9102-5486 Québec Inc. v. Café Suprême Canada Inc., EYB 2008-146794

In April 2001, the franchisee signed a franchise agreement with the franchisor Café Suprême Canada Inc. ("Café Suprême") for the operation of a franchise in a commercial building. The building had many tenants and some 700 workers. Following the drop in occupancy, the building was sold to a new owner who changed the commercial designation into a residential one, and terminated the franchisee’s lease.

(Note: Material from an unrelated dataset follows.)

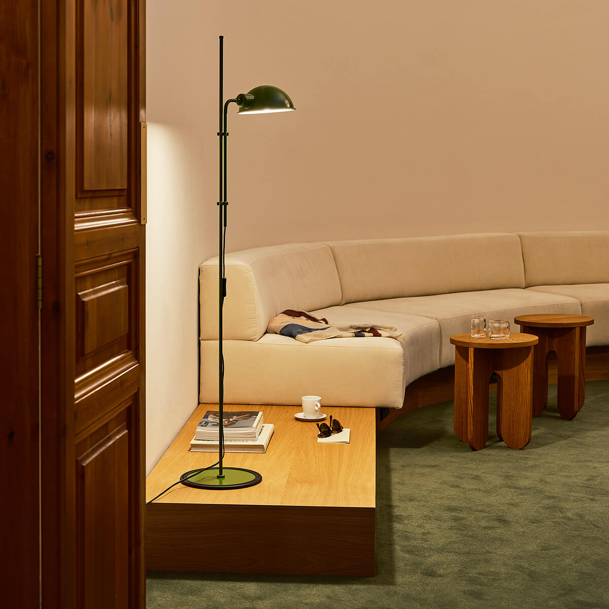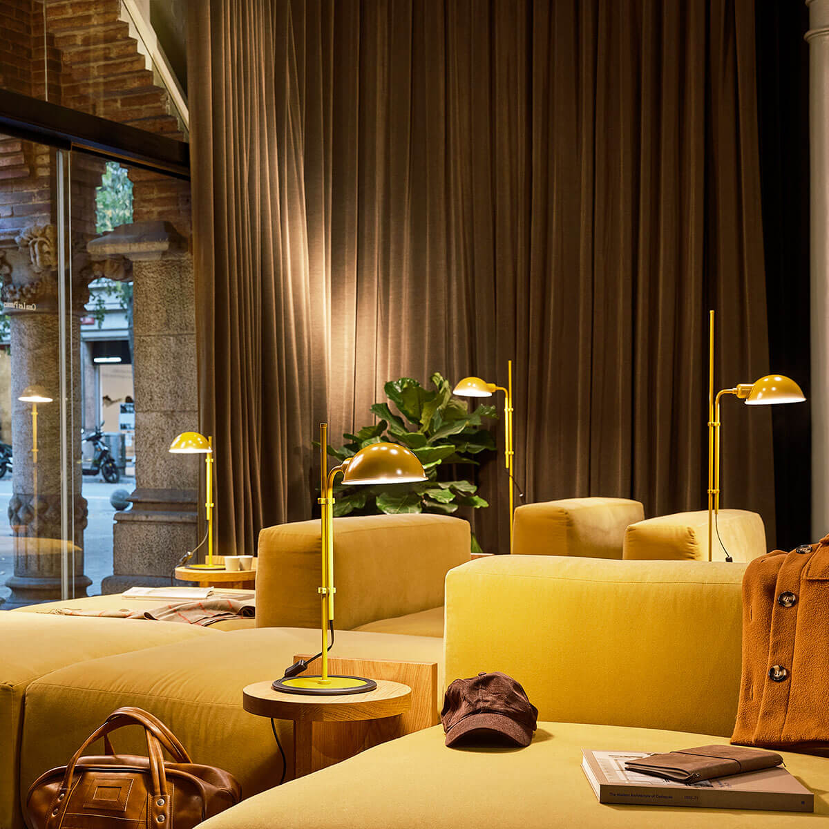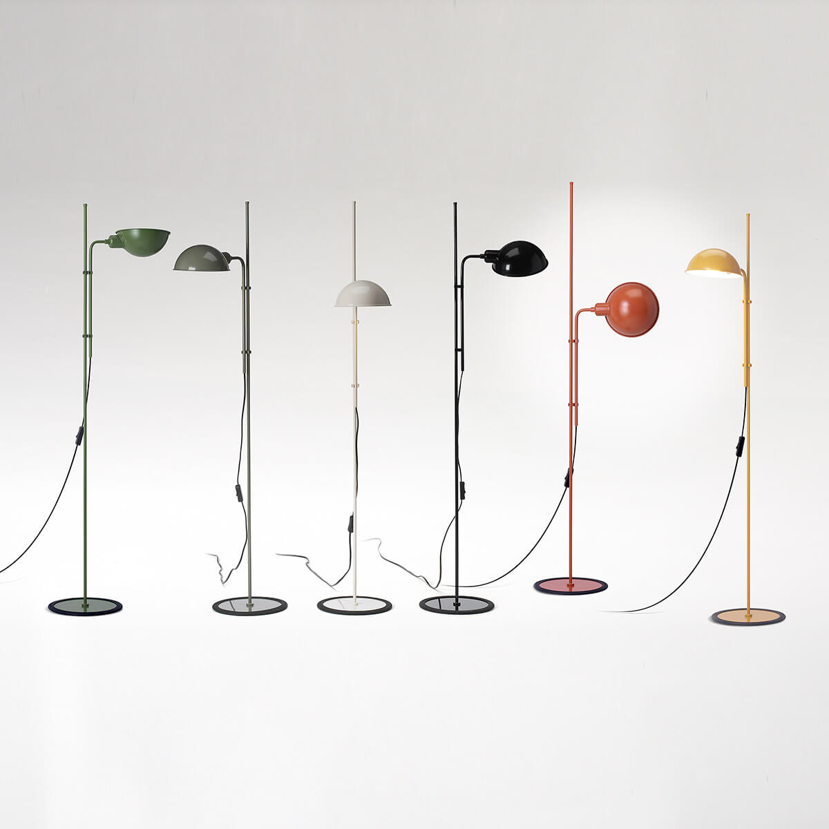 Erhältlich ist die Funiculí Stehlampe in neutralen Farben wie Perlweiß, Schwarz oder Moosgrau sowie – seit 2022 – in drei dynamischen, lebhaften Tönen. Die neue Farbpalette aus Senfgelb, Terrakota und Grün ist intensiv, zeitgemäß und unbeschwert. Sie betont das Design und dessen Formen, während sie gleichzeitig den Raum in eine glanzvolle Atmosphäre taucht.
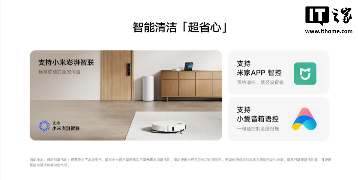 此外,这款扫拖机器人还支持米家生态和小米澎湃互联,使用米家 App 即可预约清扫、设置禁区等,出门在外时也可以远程启动机器人,也可与小米生态链的门锁、空气净化器、加湿器等设备联动,自行打造专属清洁场景。

The franchisee and the franchisor entered into a sublease for a shop located on Sherbrooke Street in Montreal. Shortly thereafter, the building occupancy started to decrease, as did the franchisee’s revenues. The franchisee notified the franchisor about his concerns. In April 2004, the building was sold and the new owner terminated the franchisee’s lease, which was never registered. The franchisor did, however, arrange for an extension of the lease with the new owner. The franchisee refused this new arrangement because he would have been the only lessee left in the building during a two-year renovation period. Thus, the franchisee claimed an amount of $471,903 in damages.

The Superior Court noted that both the sublease and the franchise agreement were contracts of adhesion as the stipulations were not negotiated and were all in favour of the franchisor. Despite the fact that the lease was entered into by a former subsidiary of the franchisor, the Court concluded that Café Supreme was the sublessor, since the franchisee was never informed of the true identity of the lessor, and the franchisor’s former subsidiary no longer existed. The Court noted that the registration of the lease was not required by law. However, the lessor is obligated to provide the lessee with peaceful enjoyment of the property throughout the term of the lease. Under the circumstances, the absence of registration resulted in an impossibility for the franchisee to operate the franchise in accordance with the franchise agreement. The Court concluded that the franchisee was not bound by the franchisor’s arrangement to extend the lease since the new context would be unsustainable for the franchisee. Lastly, the Court deemed that the limitation of warranty with respect to the profitability of the franchisee’s operations is not applicable where there is a quasi total loss of business caused by a change in the building’s designation. The Court declared both the franchisor and the initial owner of the building responsible for 70% and 30% respectively of the damages evaluated at $75,000.